- **Exercise**:
Print the line containing "I made these" and all lines after it, unchanged, through the end of the data. Leave the pictures out.

====================

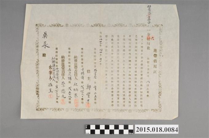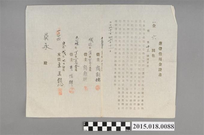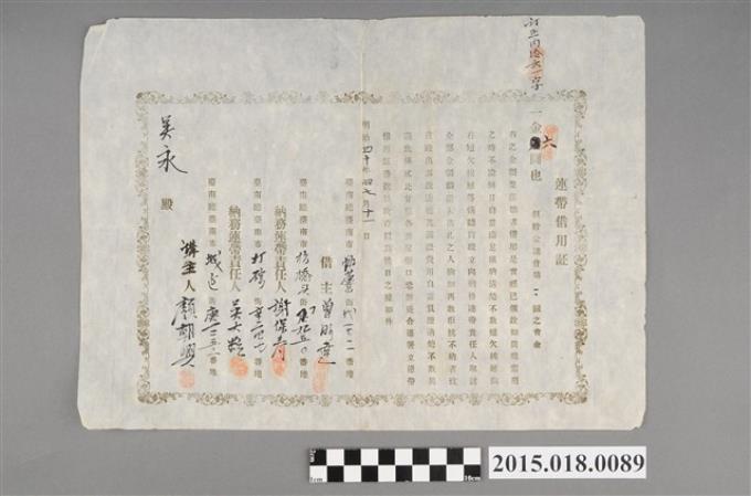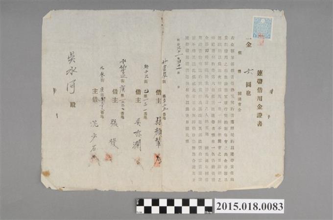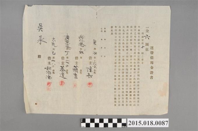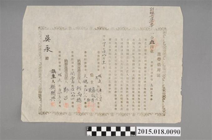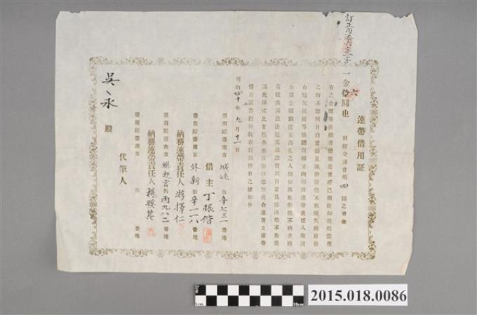 明治41年9月陳知等人給吳永之連帶借用金證書
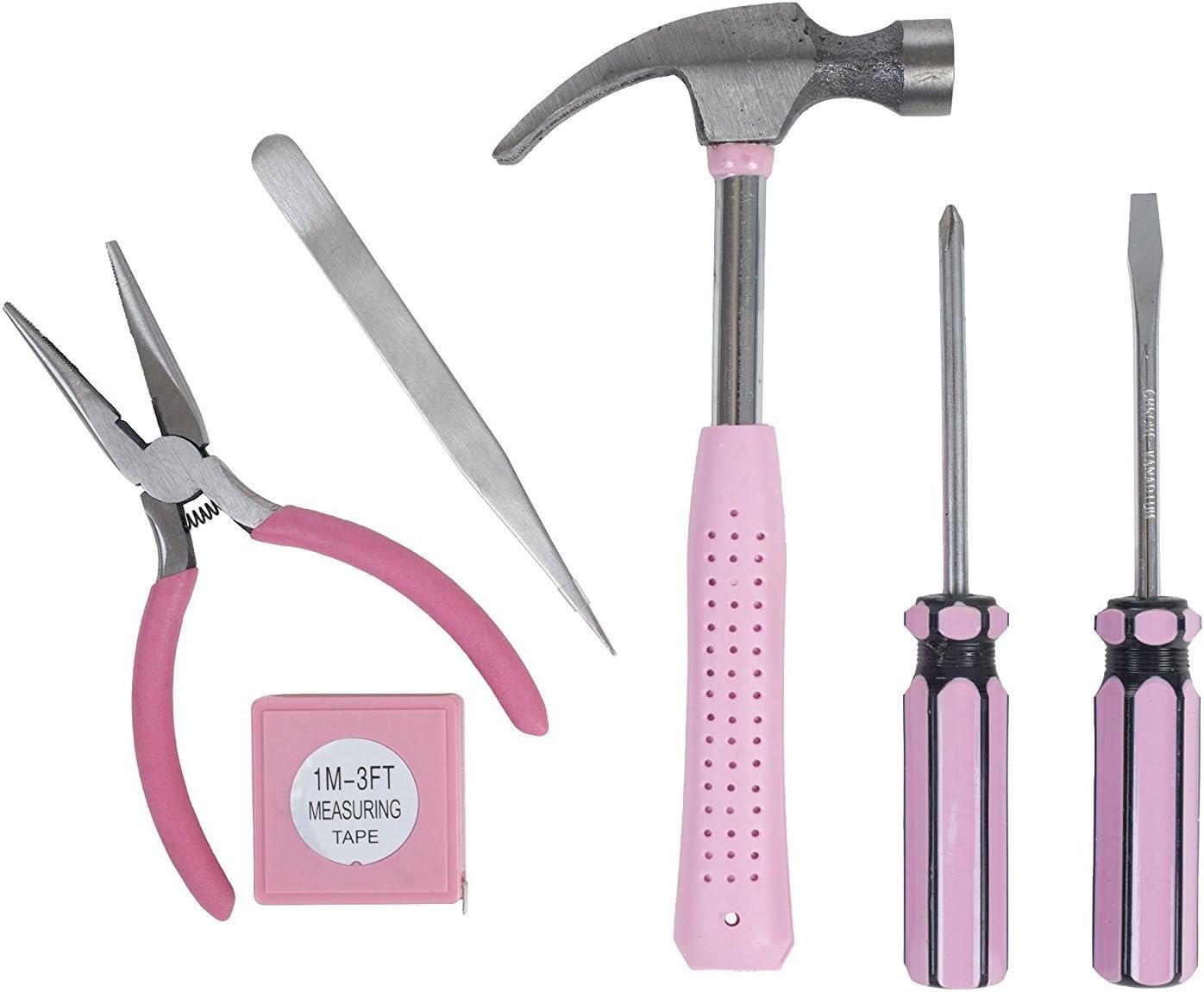 USEFUL – 7-piece tool set is designed to tackle most assembly, repair projects, or little emergencies around the house or office. Fixing leaky kitchen or bathroom faucets, hanging up pictures, or tightening up a loose screw on your bike, this tool set has everything you will need from hammering, screwing, measuring, and more.
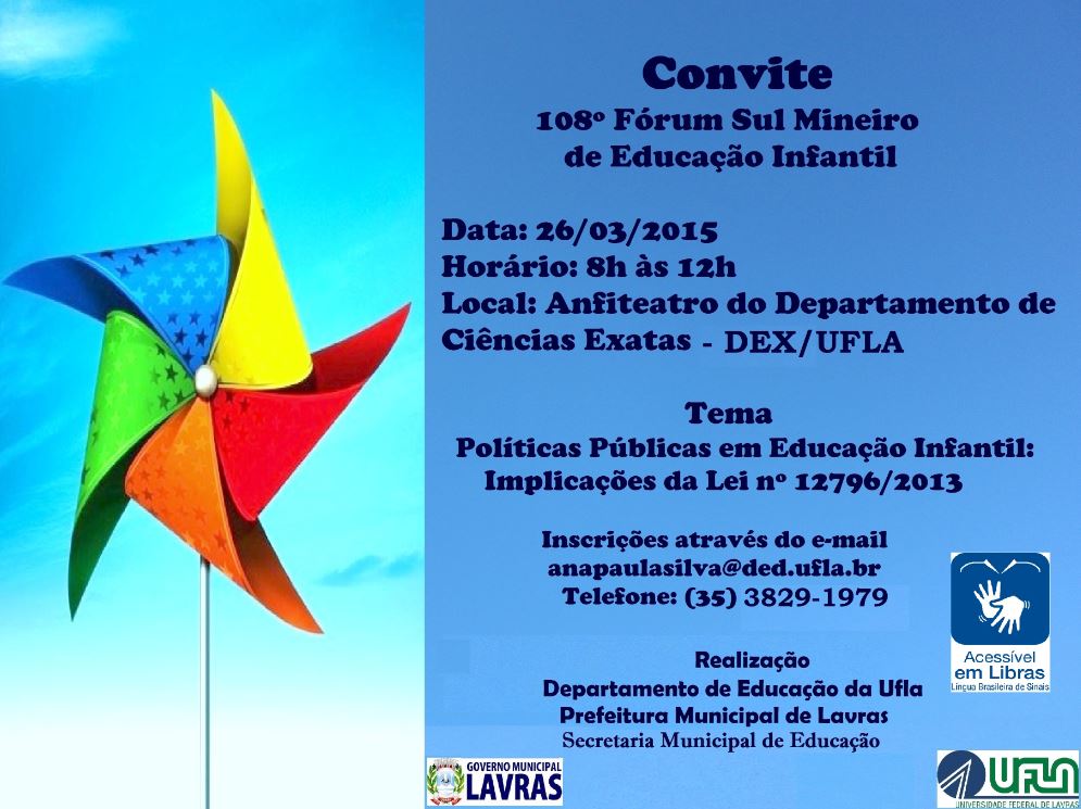 cartaz-forum-educacao-infantil 19 de março de 2015 995 × 745 UFLA sedia 108ª edição do Fórum Sul-Mineiro de Educação Infantil – inscrições abertas
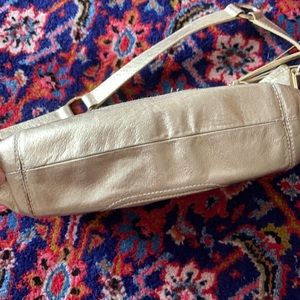 Cache gold shoulder bag with gold hardware and tassel on zipper. Fully lined, rich color. 1 open storage pocket, 1 cell phone pocket and a zipper pocket on other side.
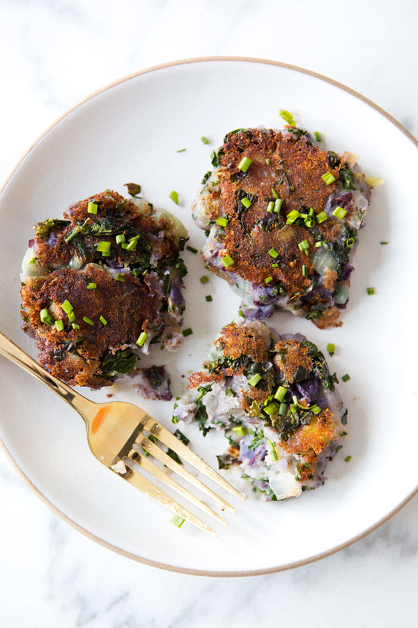 I made these last night and the mixture was so yummy, the only thing was that the cakes didn't form as firmly as I was expecting. Not sure if it's because my potatoes were very mashed or not cooled enought before I made them into balls or if I used EVOO to crsip on both sides. I just couldn't get it to be firm so I am going to try again and use coconut oil or vegan butter. Even just mashed they were delicious! This is probably the 8th recipe I have made from this blog in the last 2 months and everything has always been easy, simple and delicious!
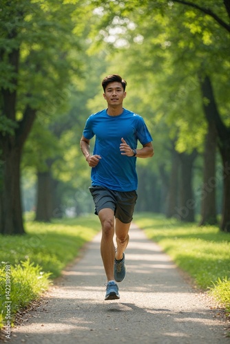 young, asian, man, running, paved, path, vibrant, green, park, blue, bright, shirt, dark, grey, short, runner, jogging, exercise, fitness, training, physical exercise, health, healthy, lifestyle, active, cardio, endurance, determination, sport, athlete, activewear, male, nature, outdoors, tree, grass, scenic, recreation, solo, energy, pace, movement, sharpened
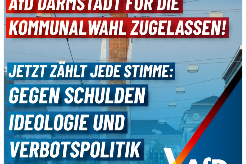 Die AfD Darmstadt ist zur Kommunalwahl 2026 zugelassen, Zeit für Darmstadt! Am 15. März entscheidet sich, ob Darmstadt weiter im linksgrünen Stillstand verharrt oder endlich Kurs auf mehr Vernunft, Sicherheit und finanzielle Entlastung nimmt. Jetzt… Kommunalwahl 2026

====================

- **Reply to the task**:
 I made these last night and the mixture was so yummy, the only thing was that the cakes didn't form as firmly as I was expecting. Not sure if it's because my potatoes were very mashed or not cooled enought before I made them into balls or if I used EVOO to crsip on both sides. I just couldn't get it to be firm so I am going to try again and use coconut oil or vegan butter. Even just mashed they were delicious! This is probably the 8th recipe I have made from this blog in the last 2 months and everything has always been easy, simple and delicious!
 young, asian, man, running, paved, path, vibrant, green, park, blue, bright, shirt, dark, grey, short, runner, jogging, exercise, fitness, training, physical exercise, health, healthy, lifestyle, active, cardio, endurance, determination, sport, athlete, activewear, male, nature, outdoors, tree, grass, scenic, recreation, solo, energy, pace, movement, sharpened
 Die AfD Darmstadt ist zur Kommunalwahl 2026 zugelassen, Zeit für Darmstadt! Am 15. März entscheidet sich, ob Darmstadt weiter im linksgrünen Stillstand verharrt oder endlich Kurs auf mehr Vernunft, Sicherheit und finanzielle Entlastung nimmt. Jetzt… Kommunalwahl 2026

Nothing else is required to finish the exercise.